La pérdida de la vista no hizo, por desgracia, más que
agudizar su sensibilidad, afinar en grado extremo los mismos
sentidos que en vano había tratado de aplacar, y ahora aquel
demonio de hombre desnudo y con manguera, que seguía
persiguiéndola por igual en la vigilia y en el sueño, también se le
manifestaba en el sonido de los pasos: Todos los pasos de hombres
que pasaban por la calle aledaña le sonaban a pasos de hombre
desnudo y con manguera. El demonio se le manifestaba ahora en el
suplicio del tacto de tal modo que, al tocar el rosario y las
imágenes sacras y el libro de devociones, palpaba a un hombre
desnudo y con manguera. En los pocos alimentos que tomaba, en
el agua inodora e incolora, percibía el sabor de hombre desnudo y
con manguera. El aire que respiraba tenía olor a hombre desnudo y
con manguera. Sólo a veces, a manera de compensación casi
divina, un amigable soplo de turistas nocturnos fumando
marihuana llenaba los rincones de su alma, derramaba bendiciones
que invocaban a un extraño sosiego y, por momentos, le parecía
levitar y levitaba.
Pero cuando su vecino el Príncipe, el Gatopardo criollo salía
de correrías, desde su limosina blindada con las ventanillas
cerradas le llegaba el aliento del perfume de París de Francia que
no enmascaraba el olor a hombre y se arrojaba contra las paredes
y llegaba en su desesperación al paroxismo.
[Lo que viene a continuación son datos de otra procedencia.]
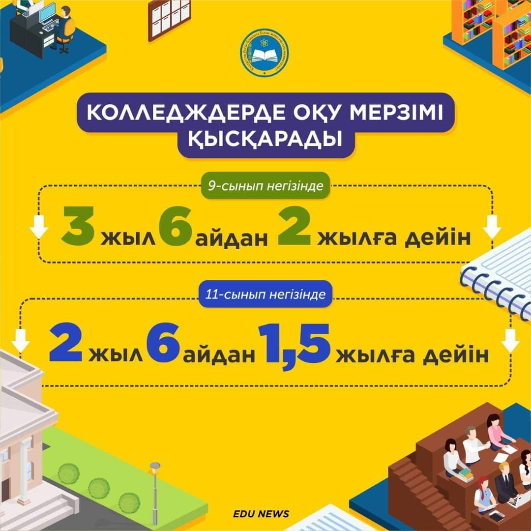 11-сыныптан кейін колледжге түскендер үшін оқу мерзімі екі жарым жыл емес, 1,5 жылды құрайтын болады.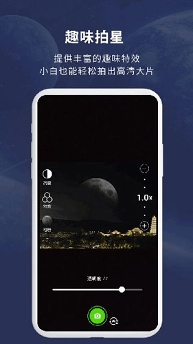 那有没有可能自己拍出来的照片不太理想呢?要是对自己拍摄的星空照片不满意,你可以点击拍摄界面左边的【特效】按钮,添加合适的滤镜特效来调整。所以操作起来还是挺方便的。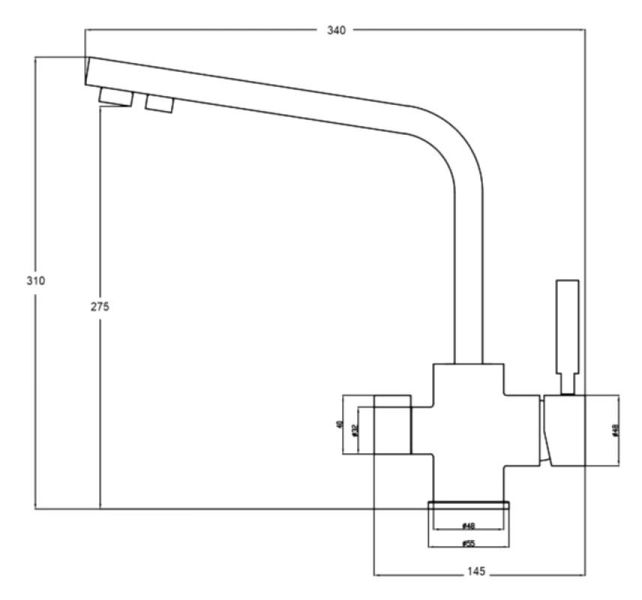 • Высота смесителя: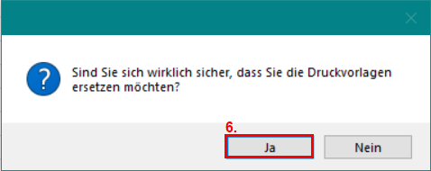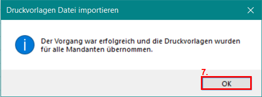 Bestätigen Sie die Erfolgsmeldung Druckvorlagen Datei importieren mit OK.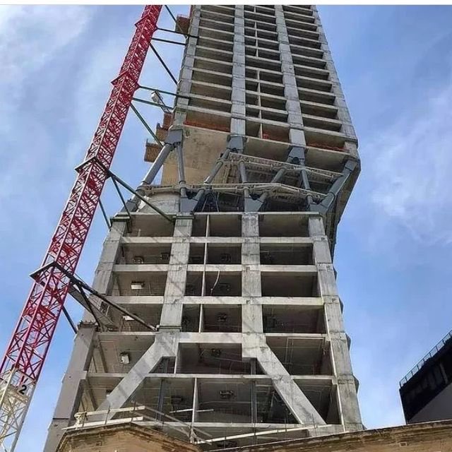 على الرغم من أن الهيكل خرساني بشكل أساسي ، فقد تم تطوير بعض العناصر الرئيسية لتشمل أقسام وإطارات فولاذية إنشائية عند الاقتضاء. يتم توفير العنصر الفولاذي الأكثر بروزًا في شكل هيكل ثلاثي الأبعاد عميق مكون من ثلاثة طوابق عند الالتواء. تم تطوير تصميم هذه الأعمال الفولاذية بعناية للتنسيق مع الهيكل الخرساني الأساسي والاستفادة من البناء الأساسي السابق لتقليل الأعمال المؤقتة. هذا مهم بشكل خاص مع الأخذ في الاعتبار تعديل 6-7 م على مخطط بعض الأعمدة وحواف الأرضية ، كل 50-60 م فوق مستوى الأرض أدناه.#FANWBINA #فن_وبناء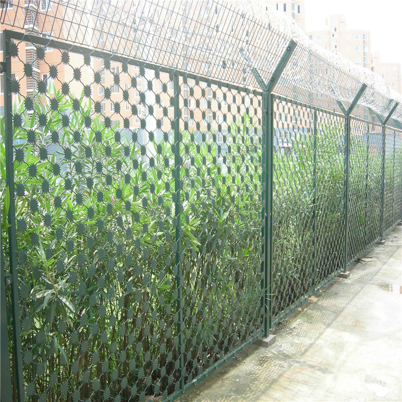 新聞動態(tài)監(jiān)獄護(hù)欄網(wǎng)或刀片刺網(wǎng), 主要是采用高強(qiáng)度的刀片刺網(wǎng)與普通防護(hù)網(wǎng)的結(jié)合,由V型支架立拄,加強(qiáng)型焊接片網(wǎng),安全防盜連接件和刀片刺網(wǎng)組成。刀片刺網(wǎng)是一種新型防護(hù)網(wǎng),由銳利尖角鍍鋅鋼板或不銹鋼薄板做刀片,鋼絲做芯線組合而成的防護(hù)器材。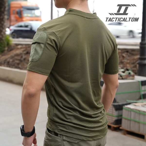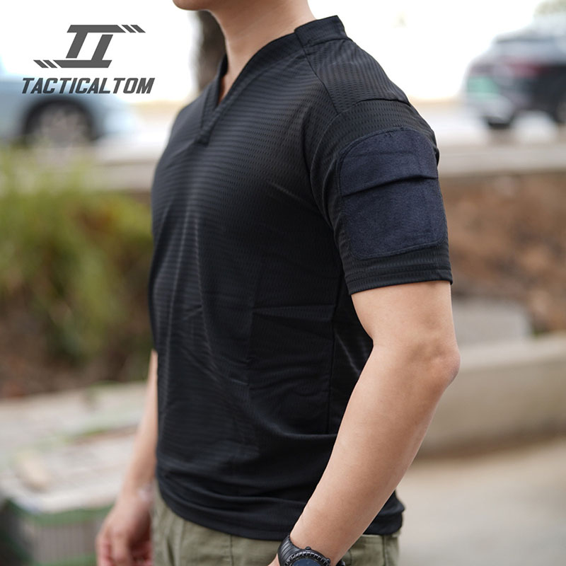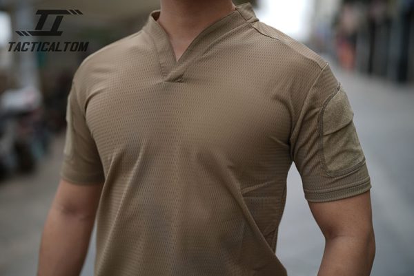 The TSS22 Tactical Tom short-sleeve T-shirt combines a clean military-inspired look with lightweight comfort and practical outdoor wearability. With its V-neck collar, breathable textured body fabric, reinforced shoulder panels, and quick-drying presentation, it works well for hiking, training, everyday tactical styling, and warm-weather activity.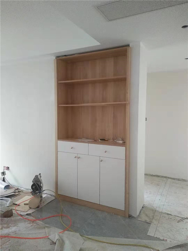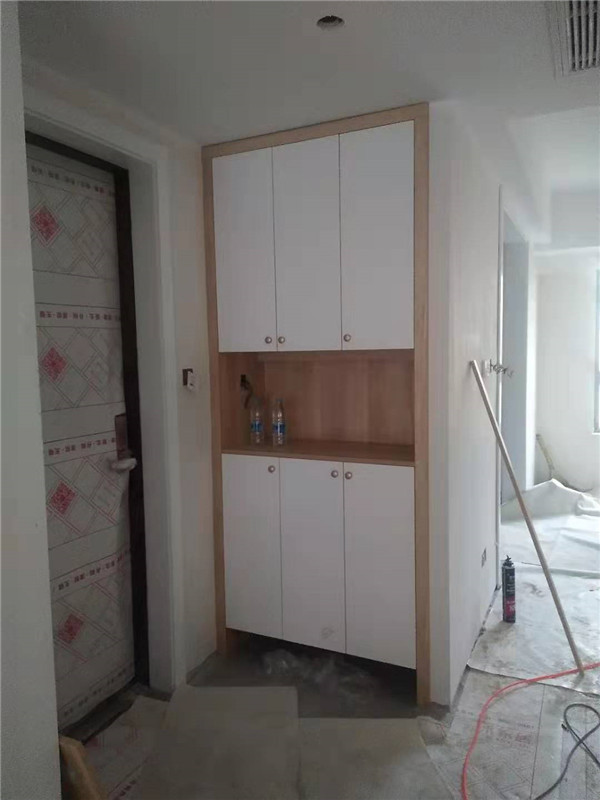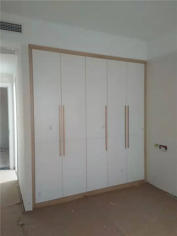 其他柜子采用的是平安樹實木多層板,一般客戶原木色配白色都會相應的搭配黑色拉手,而這個小姐姐眼光比較好,

El olor a hombre la
volvía loca, literalmente loca, y seguía persiguiéndola en la figura
del demonio desnudo con manguera.
Ella trataba de escapar, siempre escapaba, pero en su último
sueño, fatalmente, el desnudo que la perseguía noche y día la
atrapó, manguera en mano, la inmovilizó sobre el duro lecho de
monja de clausura y, para su sorpresa, apenas suavemente,
dulcemente, con aquella manguera que siempre había aborrecido,
se insinuó entre los bordes gloriosos de su secreta piel. En un acto
de resignación, inmóvil, indefensa, ¡hágase señor tu voluntad!, se
entregó a lo inevitable, y el demonio desnudo realizó el milagro tan
secretamente temido, más bien apetecido.
Al amanecer de un nuevo día, el mármol de la muerte
modelaba en su rostro un gesto de intensa placidez, inmensa paz,
incruenta beatitud. El drama corporal, el caudaloso océano que se
había derramado en su interior, descendía ahora en cascada, en
multitud de oleadas en los pliegues desnudos del vestido, un poco a
la manera de una escultura de Bernini. La mano sobre el corazón
que había redoblado como un tambor de hojalata, la curva de sus
labios desdibujada en un rictus de pecaminosa felicidad en el gran
momento de un éxtasis infinito, hablaban de una santidad a toda
prueba, como si un ángel travieso la hubiese castigado con infinitas
flechas, mil puñales de agravio, mil puñales de gratitud, mil
puñales de gozo para la gloria que ahora se merecía hasta el fin de
los tiempos.

pcs, jueves, 11 de diciembre de 2007.